There's more to look at in the codebase there were a few refactors and rounds of code which made the code both more compact and less scrutible. The branch which contains the version which went on the costume is spartan_6 which you can see here.

The Physical Build

The build is made up of a total of 4 of the 32x32 screens held with M3 screws onto a plank of wood:

four led matrix panels packed together to make a single display backside of the display showing a thin plank of wood attached with screws to the panels; panels with open connectors and exposed electronics

We then take a bunch of 2 inch thick pink housing foam and cut ~1 inch deep grooves into it so we can bend it into a rounded shape, and form it into a box:

a shopping cart with large foam panels balanced on top and bottom a piece of foam with notches cut out being bent on a wooden plank with tools strewn about four foam panels with notches cut out arranged into a box such that the ends would bend to touch

Next, using an excessive amount of gorilla glue, gaffers tape, and weights, everything is adhered together:

the led matrix display centered inside the four foam panels; a small pile of metal pieces sitting on top; glue pressing out from the seams four foam panels with notches cut out being bent together and held with tape; glue pressing out between the seams a bicycle helmet being glued to a piece of foam underneath a paint can and collection of drills and drill batteries

After gluing the box together, the foam is further carved down so there is as clean a seam as I can manage, and we spackle over all the gaps. Spackle turned out to be a terrible choice: it is both heavy on a helmet, and it takes a long time to dry between coats (and I was running out of time). The finish is pretty ugly, but it works!

back of the helmet, bent panels touching, covered in a messy, thick layer of spackle bottom of the helmet with smooth spackle, on a wooden table covered in spackle dust and a sanding block the helmet covered in white paint, the finish of the spackle showing a splotchy, uneven surface

Next up, the all-important tests of fit! Does my head fit through the hole on the bottom? Can I actually hold my head up under all this plaster? Can I see through the tiny camera hastily taped to the bottom of the helmet?

me in a blue t-shirt and shorts holding the helmet over my head, display off but facing the camera me in a light blue t-shirt standing hands on hips with the helmet on my head; helmet white with some blue painters tape obscuring the screen me in the gray painted helmet, display on showing streaks of color, one hand palm raised up, other holding a small camera

A few coats of paint are thrown on, and with that, we have the costume! Okay, obviously I didn't manage to build up any of the outfit beyond the head, but the head took up every moment of time I had before comic-con, so the head would have to do! The rainbow lines actually are because I wasn't able to get loading of images from the beaglebone to the FPGA working in time, so I miswired the display so that it was effectively colorful static. I was told the static shifted when I breathed on the wires, so the effect was at least interesting!

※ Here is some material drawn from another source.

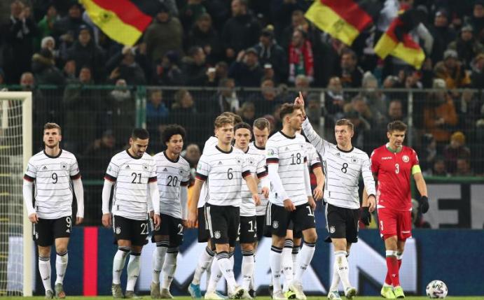 Die Mannschaft um den ins Team zurückgekehrten Anführer Toni Kroos setzte zwar die Löw'sche Vorgabe nach einem «druckvollen Spiel» und «Dynamik» um. Es fehlte aber oftmals der letzte Pass. Mehr als 80 Prozent Ballbesitz und 12:0 Torschüsse standen bereits nach einer halben Stunde zu Buche. Das Tor wollte aber nicht fallen. Ein Schuss von Ginter parierte Torhüter Aliaksander Gutor (15.), dazu trafen Kroos (20.) und Serge Gnabry (24.) das Außennetz.
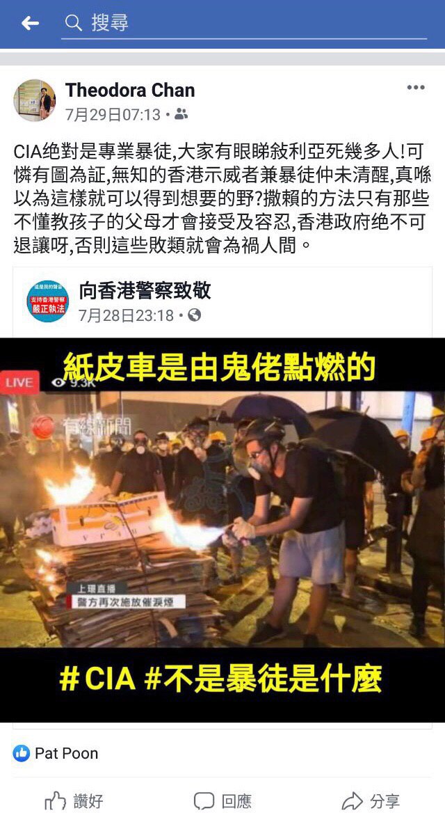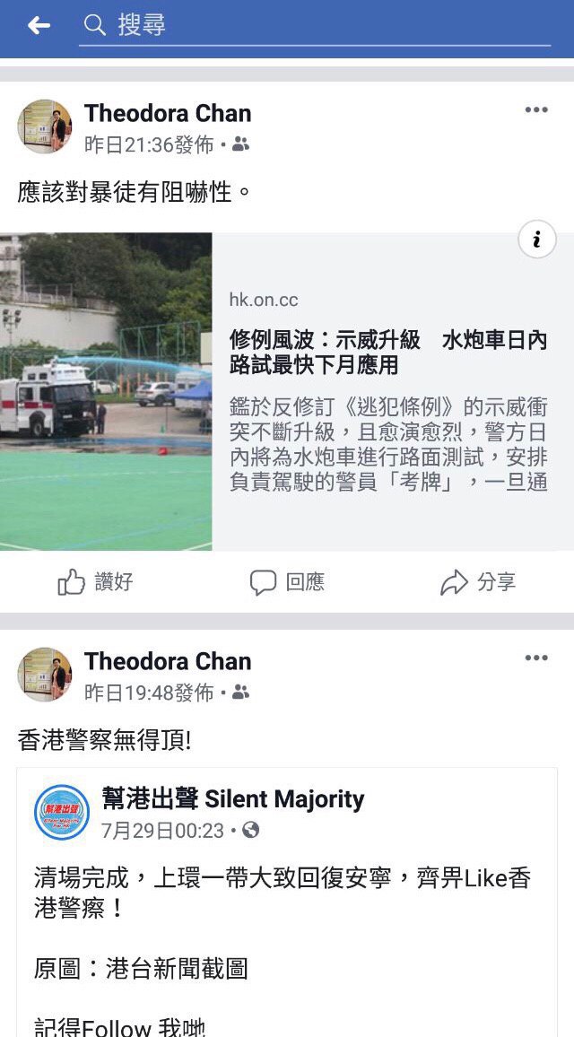 Theodora Chan是一名「撐警藍絲」,支持香港警察使用暴力對待市民。

a mirror selfie view of me wearing the helmet in a black t-shirt, off-hand showing a peace sign, screen showing conway's game of life with two glider-guns me in a black t-shirt playing pinball in the helmet, screen showing conway's game of life me in a black t-shirt wearing the helmet with colorful streams on the screen, one hand showing a peace sign, being held in the air by a man in a white suit with red hair

Epilogue

There was a lot which simply came together without it ever quite working as it was meant to - you'll note that I didn't even mention the interface between the beaglebone and the FPGA - that's because I never quite made it work due to a combination of inexperience and struggles with timelines. Rather than walk you through a half-remembered version of the project which didn't even work correctly, I figured I would instead have the next entree of the blog discuss my second attempt at controlling these LED matrix screens, and how I was much more successful! I even used modern tools which are still relevant!

To cap off what I got working on this project though - I got very slow interfacing working between the beaglebone and the FPGA through the tools provided with the logibone. This involved something called the external memory interface (EMIF) on the beaglebone and something called the wishbone bus in the FPGA. I won't pretend to fully understand the details of the implementation here though - I trusted the python bindings and provided verilog and got something which could update individual pixels well enough, but so slowly that full screen updates were, at best, choppy. Since small updates were reasonably quick, I made a Game of Life simulator and some pretty looking patterns to have something controlled on the screen (you can see this in the final row of pictures above!)

Another important detail I never had even when I was trying to display normally encoded images was called gamma correction. This meant that images looked strangely washed out on my display, and I wasn't clear why at the time.

I think that's everything! Thanks so much for reading!